Lorenzo Ossola

Personal information
- Date of birth: 12 February 2007 (age 19)
- Place of birth: Varese, Italy
- Positions: Winger; attacking midfielder;

Team information
- Current team: Milan Futuro

Youth career
- Varese
- AC Milan

Senior career*
- Years: Team / Apps / (Gls)
- 2025–: Milan Futuro (res.) / 24 / (5)

International career^{‡}
- 2025: Italy U18 / 3 / (0)
- 2025–: Italy U19 / 1 / (0)

= Lorenzo Ossola =

Italian footballer (born 2007)

Lorenzo Ossola (born 12 February 2007) is an Italian professional footballer who plays as a winger and attacking midfielder for club Milan Futuro, the reserve team of club AC Milan. He is an Italian youth international.

==Club career==
He was born in Varese, Italy, and started his youth career with the academy of his hometown club Varese Calcio, later joining the academy of AC Milan.
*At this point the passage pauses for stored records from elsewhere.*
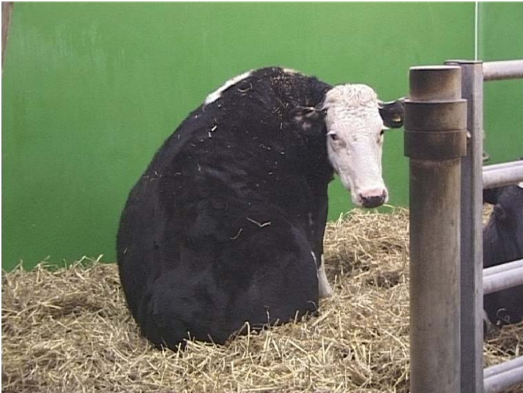
Fig. 2 Dog sitting posture

Weakness, paresis and incoordination of the gait (ataxia) are usually first noticed in the hindquarters. There may be lateral swaying and (or) dropping down of the hindquarters and an increased frequency of stumbling, slipping or falling. Pacing has also been observed [19]. Knuckling of the fetlocks is an infrequent feature of BSE, which was reported in less than 10% of cases early in the epidemic [12,16]. Spasticity, postural tremors and ataxia become more severe as the disease progresses. A mild degree of hypermetria may be present in addition to spasticity ( see video ). Progressive neurogenic gait deficits may eventually lead to recumbency. One or both hind limbs may be stretched out behind in recumbent cattle [20] (Fig. 3).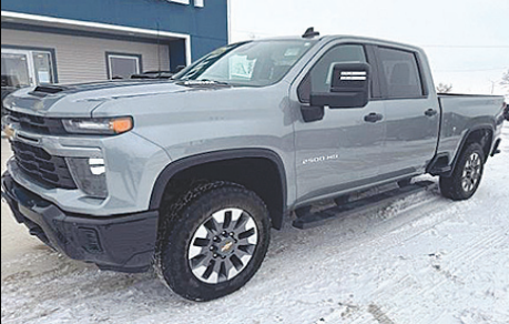
2024 Chevy 2500HD Crew Cab Custom, 18k, 6.6L Gas, Cloth, 1 Owner

We're Celebrating 100 Years!! www.rexchevrolet.com Odebolt, Iowa 712-668-2296 or text 712-369-0180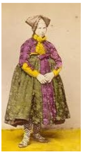
Pomerania Hessian Schliffenberg Freiburg Dachau Bavaria Come to the meeting on Wednesday and learn more about the German Trachten.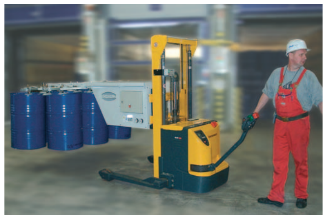
VacuMaster, maximum load 140 kg, for moving barrels from a vehicle discharge point to a conveyor belt

On 17 October 2025, after 12 years progressing through the youth ranks at the club, Ossola renewed his contract with AC Milan. He made his professional debut during the 2025–26 season with the reserve team, substituting Demirel Hodžić at the second half of a goalless away draw Serie D match against Casatese Merate, on 24 September 2025. Two months later, on 26 November, Ossola scored his first professional goal with Milan Futuro, the winner during a 1–0 home win Serie D match against Real Calepina.

He was one of the 26 players called-up with the senior squad by head coach Ruben Amorim on 12 July 2026, for pre-season ahead of the 2026–27 season.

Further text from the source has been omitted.